Yurianto, pada Kamis siang menyebut adanya tambahan satu kasus pasien positif Corona di Riau, dengan demikian kasus positif Corona di provinsi itu bertambah menjadi dua kasus. Sementara Diskes Riau sendiri menyebut dari hasil konfirmasi yang mereka lakukan ke Kementrian Kesehatan (Kemenkes) dihari yang sama, tidak ada penambahan kasus positif Corona di Riau.

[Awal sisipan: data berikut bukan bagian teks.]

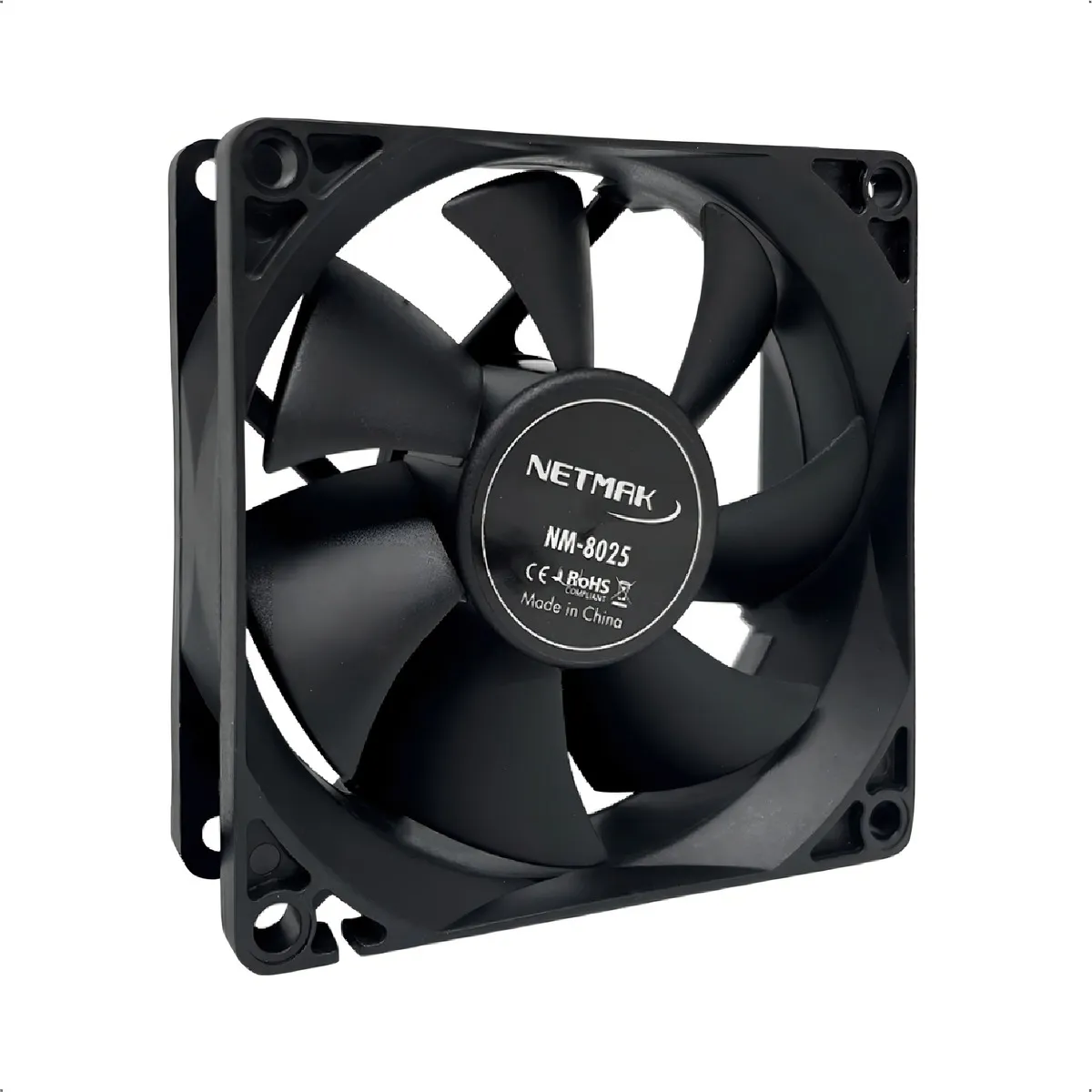 Cooler Ventilador NETMAK NM-8025 PC Gabinete 80mm Molex a Buje NEGRO

Tak jelas apa yang melatari dorongan Diskes Riau menggugat informasi resmi yang diutarakan Yurianto. Padahal, seperti daerah lainnya di Indonesia, otoritas kesehatan di Riau tunduk kepada aturan main yang ditetapkan Kemenkes, dimana otoritas kesehatan daerah menyetor sampel darah pasien suspect Corona ke Laboratorium Kemenkes untuk dicek lebih lanjut. Alur kerja demikian dengan jelas menunjukan wewenang Diskes sebatas menunggu hasil uji lab, bukannya menyimpulkan alih-alih menyanggah. Hingga berita ini diturunkan GATRA belum menerima penjelasan dari Kepala Diskes Riau, Mimi Yuliani Nazir.

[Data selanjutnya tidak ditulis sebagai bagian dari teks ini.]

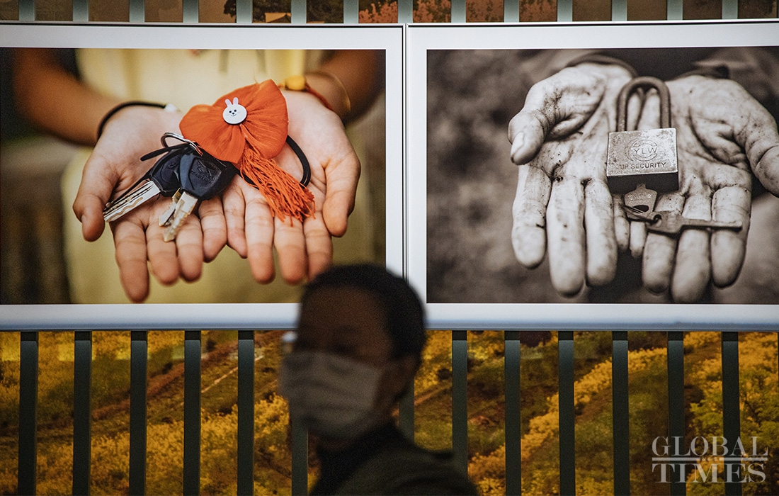 The photo exhibition of poverty alleviation in China was officially opened at the National Museum of China Wednesday. Nearly 180 photos record touching moments in the great historical practice of poverty alleviation. Photos: Li Hao/GT
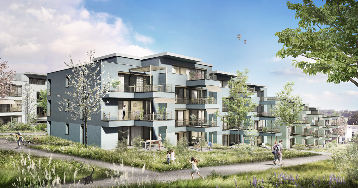 - Neubau 68 Eigentums- und 74 Mietwohnungen

Secara terpisah, Dosen Ilmu Pemerintahan Universitas Riau, Tito Handoko, kepada Gatra.com menyebut reaksi yang disuguhkan pemerintah daerah (pemda) melalui Diskes Riau merupakan gambaran ketidaksiapan pemda merespon wabah Corona di Riau. Kata Tito, alih-alih mengoreksi info Kemenkes, Diskes Riau secara organisasi sebaiknya mempersiapkan diri menghadapi kecendrungan meningkatnya pasien suspect Corona di Indonesia. Terlebih pada Rabu (18/3), di Riau telah didapati satu kasus suspect Corona, pun begitu provinsi terdekat seperti Sumut dan Kepri, yang juga merawat pasiens suspect Corona.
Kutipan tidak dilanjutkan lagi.